Sudan, İran ve İsrail arasındaki ilişkiler çok daha karmaşık bir hâl aldı. Burhan, Şubat 2020’de Uganda’da İsrail Başbakanı Binyamin Netanyahu ile görüşerek İsrailli bir yetkiliyle görüşen ilk Sudanlı lider oldu. Bu görüşmenin ardından Sudan, İbrahim Anlaşmalarını imzaladı ve İsrail’i boykot yasasını yürürlükten kaldırdı.

İran ile ilişkiler ise kesintisiz olarak kopuk kaldı. Ta ki, Ekim 2021’deki darbeyle ülke yönetimini tek başına ele alan Burhan’ın, Nisan 2023’te, yani ordu ile HDK arasında patlak veren savaşın ardından bu ilişkiyi yeniden tesis etmesine kadar. Bu adım, İran silahlarına geri dönüş anlamına geliyordu.

Burhan, silah ve mühimmat temini için İran’la ilişkiyi yeniden kurmak zorunda kaldı. İran da hızlı bir şekilde ona ihtiyaç duyduğu silahları ve mühimmatı sağladı. Bu destek, insansız hava araçlarını (İHA) da kapsıyordu. Burhan halen bu İHA’ları HDK'ye karşı kullanıyor.

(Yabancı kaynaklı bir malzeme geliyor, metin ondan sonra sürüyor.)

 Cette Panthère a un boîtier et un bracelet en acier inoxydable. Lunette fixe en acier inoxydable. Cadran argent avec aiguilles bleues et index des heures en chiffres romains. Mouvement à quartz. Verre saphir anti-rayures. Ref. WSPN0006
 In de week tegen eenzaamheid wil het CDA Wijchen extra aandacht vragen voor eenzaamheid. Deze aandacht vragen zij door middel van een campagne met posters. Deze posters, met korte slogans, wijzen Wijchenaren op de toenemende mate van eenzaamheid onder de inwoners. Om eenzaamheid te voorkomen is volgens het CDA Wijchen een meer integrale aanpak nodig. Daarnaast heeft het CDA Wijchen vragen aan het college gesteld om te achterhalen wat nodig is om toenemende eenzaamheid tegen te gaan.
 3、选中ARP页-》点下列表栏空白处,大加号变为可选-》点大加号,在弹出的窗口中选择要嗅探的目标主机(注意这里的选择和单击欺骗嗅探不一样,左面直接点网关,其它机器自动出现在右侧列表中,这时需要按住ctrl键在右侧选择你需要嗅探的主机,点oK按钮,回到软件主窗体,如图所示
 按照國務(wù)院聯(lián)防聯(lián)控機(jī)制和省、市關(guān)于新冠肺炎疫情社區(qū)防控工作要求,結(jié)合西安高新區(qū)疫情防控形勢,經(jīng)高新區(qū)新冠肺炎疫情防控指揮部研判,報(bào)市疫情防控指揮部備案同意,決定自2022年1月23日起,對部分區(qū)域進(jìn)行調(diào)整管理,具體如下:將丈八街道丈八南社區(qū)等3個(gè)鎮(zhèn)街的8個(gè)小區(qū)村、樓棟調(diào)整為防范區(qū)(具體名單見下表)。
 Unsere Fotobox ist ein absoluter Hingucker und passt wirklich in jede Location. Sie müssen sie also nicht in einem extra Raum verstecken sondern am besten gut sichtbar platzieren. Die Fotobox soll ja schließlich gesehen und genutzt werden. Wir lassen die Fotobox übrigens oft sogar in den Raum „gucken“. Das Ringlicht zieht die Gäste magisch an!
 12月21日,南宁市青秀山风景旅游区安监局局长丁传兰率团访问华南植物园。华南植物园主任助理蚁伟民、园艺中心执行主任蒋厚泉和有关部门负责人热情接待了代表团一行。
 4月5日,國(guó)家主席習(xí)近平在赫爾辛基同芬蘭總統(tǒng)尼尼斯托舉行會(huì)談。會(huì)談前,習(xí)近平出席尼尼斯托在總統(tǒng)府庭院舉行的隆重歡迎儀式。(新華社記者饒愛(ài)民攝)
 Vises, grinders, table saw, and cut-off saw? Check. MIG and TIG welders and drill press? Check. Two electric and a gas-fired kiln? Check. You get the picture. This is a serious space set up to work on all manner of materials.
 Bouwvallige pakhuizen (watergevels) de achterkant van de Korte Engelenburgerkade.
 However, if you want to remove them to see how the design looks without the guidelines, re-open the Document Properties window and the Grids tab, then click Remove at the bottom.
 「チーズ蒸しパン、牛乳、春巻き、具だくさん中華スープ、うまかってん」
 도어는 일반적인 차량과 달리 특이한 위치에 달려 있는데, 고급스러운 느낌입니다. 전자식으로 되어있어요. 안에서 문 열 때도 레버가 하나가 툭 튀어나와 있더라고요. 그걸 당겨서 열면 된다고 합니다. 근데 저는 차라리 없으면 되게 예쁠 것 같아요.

İsrail ile İran arasında savaşın patlak vermesi, Sudan’ı derin bir ikilemin içine soktu. Çünkü Burhan, İsrail’in müttefiki olarak İbrahim Anlaşmalarına imza atmış, İsrail’i tanımış ve diplomatik ilişkiler kurmuştu. Ancak öte yandan, İran’dan İHA’lar ve çeşitli mühimmat temin ederek silah desteği aldı. Dahası, Burhan’ın yanında HDK'ye karşı savaşan İslamcı müttefikleri, İran’a açık destek veriyor ve İsrail’e karşı cihad ilan etmiş bulunuyor. Bu durum, Burhan’ın İsrail’le olan ilişkisiyle, sahadaki fiilî ittifakları arasında ciddi bir çelişki oluşturuyor. Öte yandan, Burhan’ın rakibi olan HDK Komutanı Korgeneral Muhammed Hamdan Daklu (Hamideti) da İsrail’le ilişki kurmuş durumda. Hatta yardımcısı Abdurrahim Daklu’nun yakın zamanda Tel Aviv’e bir ziyaret gerçekleştirdiği iddia edilmişti. Tüm bu gelişmeler, İsrail’in geçici başkent olarak kullanılan Port Sudan’daki hükümete –yani Burhan yönetimine– nasıl bir karşılık vereceği sorusunu gündeme getiriyor.